Dans un entretien avec IRIN à Bangui, le responsable du Bureau des Nations Unies pour la coordination des affaires humanitaires (OCHA) en RCA, Jean-Sébastien Munié, a dit que les organisations non gouvernementales (ONG) avaient un rôle essentiel à jouer dans l’aide à la population dans le nord-est, notamment pour soutenir les programmes de relèvement rapide et pour subvenir aux besoins de centaines de déplacés.

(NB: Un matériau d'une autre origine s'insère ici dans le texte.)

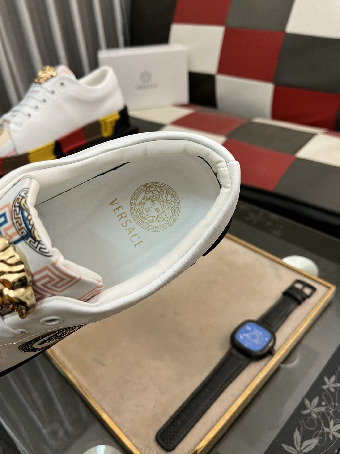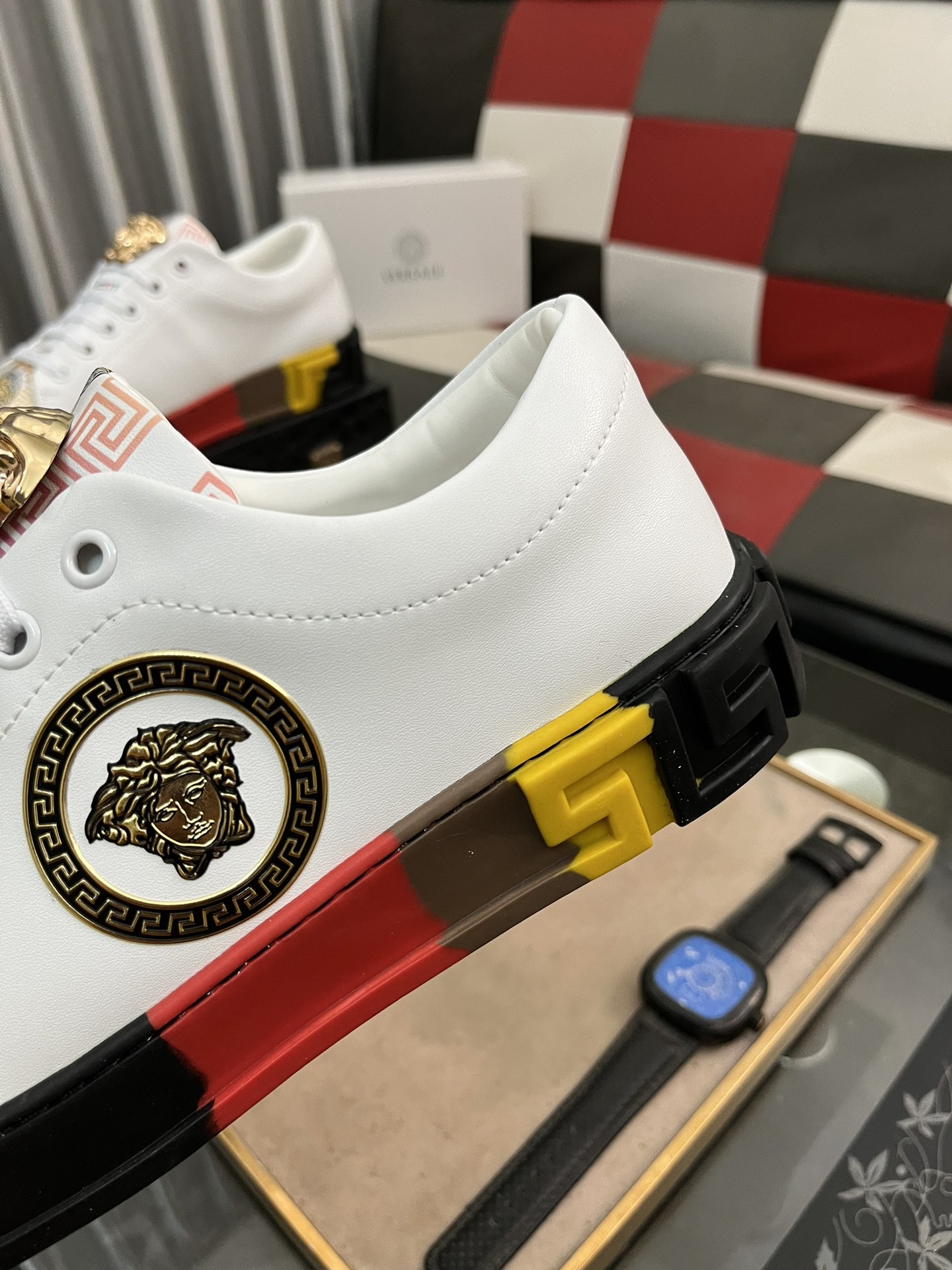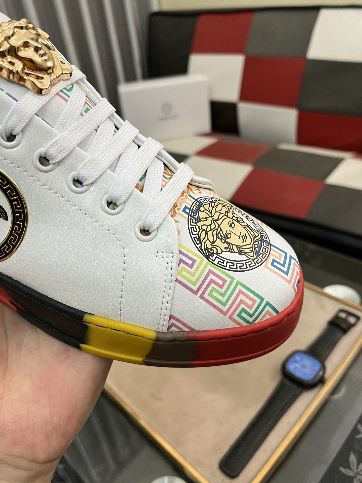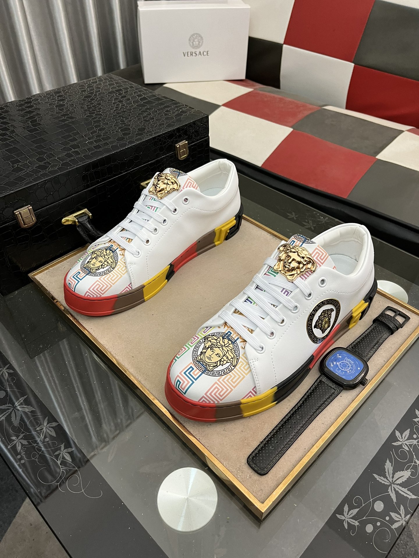 This shoes is AAAAA 1:1 quality (superb). Materials used are identical to the original ones. Versace trademark marks are indistinguishable to the authentic. Photos take by actual shoes, what you receive will be 100% same with our photos.

« Notre présence est bien plus que symbolique », a souligné M. Munié. « Elle est fortement sollicitée par la population elle-même ». Mais M. Munié a également averti que les problèmes de sécurité devaient être pris sérieusement. « Il y a une sorte de traumatisme au sein de la communauté humanitaire lorsqu’on voit des collègues disparaître comme ça ».
Les deux travailleurs humanitaires, qui travaillent pour l’organisation française Triangle, ont été pris en otage tard un dimanche soir par un groupe d’attaquants qui s’est enfui avec trois voitures d’ONG et une moto. Un troisième otage, qui travaille pour l’ONG Comité d’Aide Médicale (CAM), aurait été libéré après des discussions entre les ravisseurs.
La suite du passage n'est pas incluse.